I mentioned the other day that my lower half is filled with bruises. I can’t believe how much I walk into things on a daily basis that remind me where these bruises are located. It’s bad enough to be bruised and broken, but to bump into them constantly adds a whole other layer. Today I somewhat sabotaged my effort to get out there for a run, because I was nervous my legs would get even more purple. I know that’s not true, but man, I am kind of avoiding exercise.
So, let’s first look at the damage… my ripped up arch from rock climbing: Don’t try this at home.
My scrapped up leg from a) walking into an open drawer and b) rock climbing.
My other bruised shin from… I’m not quite sure, but let’s go with rock climbing + my tendonitis brace.
And, there are more bruises above my knee caps, but they didn’t photograph too well.
I need to start following my word for May: Commit
Since becoming pregnant, oh, so long ago, I feel like I have been horrible when it comes to committing to anything. I barely can make a decision to order dinner from a menu, let alone commit to training plans and everything else under the sun. I feel like my brain has gone on the fritz and I’ve been working diligently the past six months to reconnect some wiring. Anybody else experience this?
I want to commit to getting my workouts in for the month of May. Not only finishing them, but committing to getting up at 5am every day and working out – will I regret saying – weekends included.
5am. Five am. Five a m.
My morning mantra: Do you want to run this marathon or not?

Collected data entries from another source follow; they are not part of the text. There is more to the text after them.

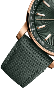 Зеленый циферблат, зеленые счетчики и внешняя зона цвета розового золота, зеленый счетчик у 6-часовой отметки, часовые метки и стрелки из розового золота с осажденным люминесцентным покрытием, зеленое внутреннее кольцо.
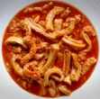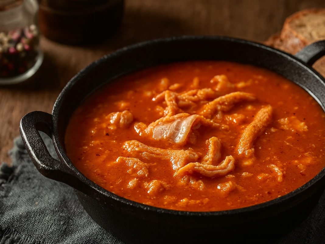 Na olju prepražite drobno narezano slanino, čebulo in drobtine. Še preden zarumenijo, dodajte paradižnikovo mezgo in narezane vampe (na tanke rezance).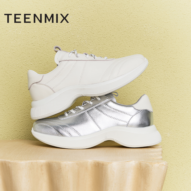 新款 天美意厚底老爹鞋 春季 女小白系带休闲鞋 BK481AM5 银色运动鞋

I just hope the answer is always a resounding YES. Or I could just repeat “commit” and think as few thoughts as possible while I run out the door, before I know what’s happening.
I haven’t done the greatest job of putting on my oxygen mask first, and then caring for those around me. Instead, I’ve been gasping for air, barely making it through, exhausted, stressed and breaking down (see: bruises/tendonitis) while doing for everyone, but me. Oh, cry me a river, I say to myself. So many people have it worse.
I will get through this slump, as I have made it through several more severe slumps in the past year. Once my body is back in full motion, it’ll feel like the entire world has changed for the better. It’s amazing what a short run will do to one’s whole perception…
Oh, and I forgot to mention that for Miles’ birthday he got his very own box of personalized Goldfish from my Aunt Bee. How awesome are these?? I finally let him have some 🙂
When I feel like a whiney punk, I just look at those chipmunk teeth smiling wide. Where did this happy child come from? He’s always smiling, playing, loving and soooooo easy to go to bed. He’s like the awesomest kid ever. No, you can’t have him. He’s my baby guy.